Pay disparity within multidisciplinary teams can worsen community retention, report finds
Pay disparity within multidisciplinary teams can worsen community staff retention, report finds

Disparities in pay, training and development within multidisciplinary teams across the NHS and social care are damaging staff retention in community care, a report has found.

The report into community staffing shortages, published by NHS Confederation and NHS Providers, highlighted that one community provider said ‘significant differences’ in pay between team members has worsened since the Agenda for Change 2022/23 pay uplift was confirmed.

It called on different community providers to share best practice, collaborate and focus more on supporting staff development and progression to tackle the staffing ‘crisis’.

But it stressed that ‘national support and action is also needed’, including better national workforce planning and funding, support to expand the development of new roles and alternative training routes, and support to scale up collaboration.

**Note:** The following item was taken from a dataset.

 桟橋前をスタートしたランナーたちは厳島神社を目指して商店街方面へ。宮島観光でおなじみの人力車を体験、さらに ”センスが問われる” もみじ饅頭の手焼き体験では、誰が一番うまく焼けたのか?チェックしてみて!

Other solutions for staff retention proposed by the report includes the importance of ‘national guidance to support the development of blended health and care roles’ that span NHS and social care services, with more support needed from national bodies such as the NMC and NHSE to support the cross-sector working that community care so often requires.

Siobhan Melia, chair of the Community Network hosted by NHS Providers and the NHS Confederation, said: ‘Having staff from primary care, community services and social care working collaboratively to deliver care but facing significant differences in pay, terms and conditions – as well as training and development opportunities – is a sizeable barrier.’

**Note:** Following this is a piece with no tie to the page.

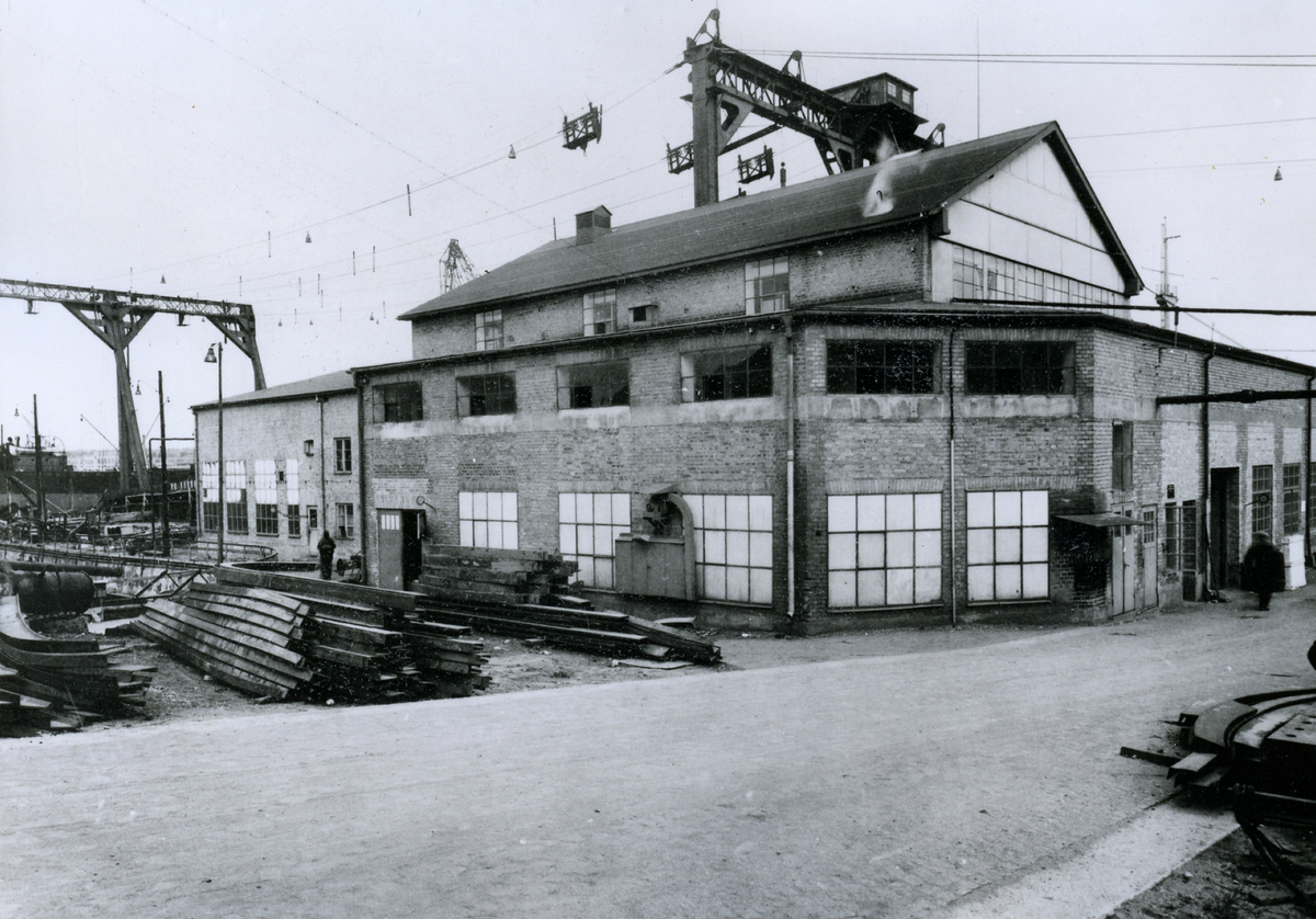 Oskarshamns varv: Dockan t.v. Central och verktygsförråd t.h.

She added: ‘Although not insurmountable at a local level, at worst, this can have a negative impact on morale and retention across the team as a whole. At best, it can create considerable complexity for local leaders to navigate equitably with staff. This is a challenge that needs to be overcome with government support for long-term, fully funded workforce planning for health and care.’

The report also found that ‘the supply of community staff has not kept up with increases in demand’, with one provider saying they are experiencing vacancy rates of 25% in health visitor roles, although there is no publicly available NHS vacancy data for community roles.

The worst staff shortages were in specialist services such as podiatry, and children’s and young people’s speech and language therapy. Community care providers fear that it will be ‘difficult to address these backlogs within existing workforce capacity’.

This comes as the latest official NHS data shows the overall number of full-time equivalent community nurses stood at 37,649 in April, compared to 40,537 in April 2012. 

A recent NHS Providers survey of community care leaders in the NHS found that 98% think that workforce shortages in community care will slow down the backlog recovery, while 97% said that shortages were having a ‘a serious and detrimental impact on services’.

While NHS Providers claims that the recent scrapping of the BTEC courses in health and social care will ‘put at risk an important health staffing pipeline that allows thousands of potential nursing and midwifery recruits to join degree courses each year’, it also states that ‘expanding and developing new roles will attract more staff into the community sector’.

Furthermore, continuing to develop good connections with the higher education sector would also improve recruitment into social care and staff retention, the report claimed.